A foundational architect of alternative comedy in America, co-creating the Upright Citizens Brigade and its empire of improv.
Matt Besser is a comedy insurgent from Little Rock, Arkansas, who helped redraw the map of American humor. Moving to Chicago, he immersed himself in the city's improv scene before co-founding the Upright Citizens Brigade with a trio of fellow performers. The group's mission was anarchic and theatrical, leading them to New York and then to a cult TV show on Comedy Central that blended sketch with surreal, often confrontational, street theater. Besser's true legacy, however, is institutional. As a co-founder of the UCB Theatre, he helped build a sprawling network of training centers and stages in New York and Los Angeles that became the essential pipeline for a generation of comedians, writers, and actors. A fierce advocate for the purity of improv, he has hosted the long-running podcast 'Improv4Humans', showcasing the form's spontaneous, game-based possibilities with a zealot's passion.
1965–1980
The latchkey kids. Raised during divorce, recession, and the end of the Cold War. Skeptical, self-reliant, media-literate. They invented indie culture, grunge, and the early internet — then watched the Boomers take credit.

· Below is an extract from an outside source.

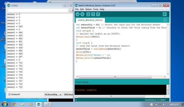 Aquí usted puede ver que el valor inicial del sensor se establece en cero. Así que cuando el sensor está en el aire abierto, mostrará valores de ' 0 en el Serial Monitor. Cuando se sumerja el sensor de humedad en agua, obtendrá los valores más altos. Por favor vea las dos capturas de pantalla por encima de referencia. Tenga cuidado de que los circuitos electrónicos del sensor no se sumergen en agua que cortocircuito y dañar el Sensor.
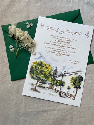 Son invitaciones personalizadas con ilustraciones en acuarela, para poder reflejar vuestra esencia y personalidad. Realizo la ilustración completamente a mano en papel con acuarelas y posteriormente la digitalizo para realizar el diseño de la invitación. Así tendríamos la invitación digital para mandarla a la imprenta. Preguntar precio y dudas sin compromiso. Mi instagram @AMAPOLA_ILUSTRACIONES_RT

Matt was born in 1967, placing them squarely in the Generation X. The events that shaped this generation — economic uncertainty, the end of the Cold War, and the rise of personal computing — shaped the world they entered and the choices available to them.
The biggest hits of 1967
#1 Movie
The Jungle Book
Best Picture
In the Heat of the Night
#1 TV Show
The Andy Griffith Show
The world at every milestone
Summer of Love in San Francisco; first Super Bowl
Watergate break-in; last Apollo Moon mission
John Lennon shot and killed in New York
Internet adopts TCP/IP, creating the modern internet
Live Aid concerts raise money for Ethiopian famine
Pan Am Flight 103 bombed over Lockerbie
Princess Diana dies in Paris car crash; Harry Potter published
iPhone released; Great Recession begins
#MeToo movement; solar eclipse crosses the US
He is a graduate of the University of California, Santa Cruz, where he studied film.
He made a cameo appearance in the 2005 Bob Dylan film 'Masked & Anonymous'.
He is known for his strict adherence to the 'rules' of improv comedy, particularly those derived from the teachings of Del Close.
“The rule is there are no rules, only the truth of the scene.”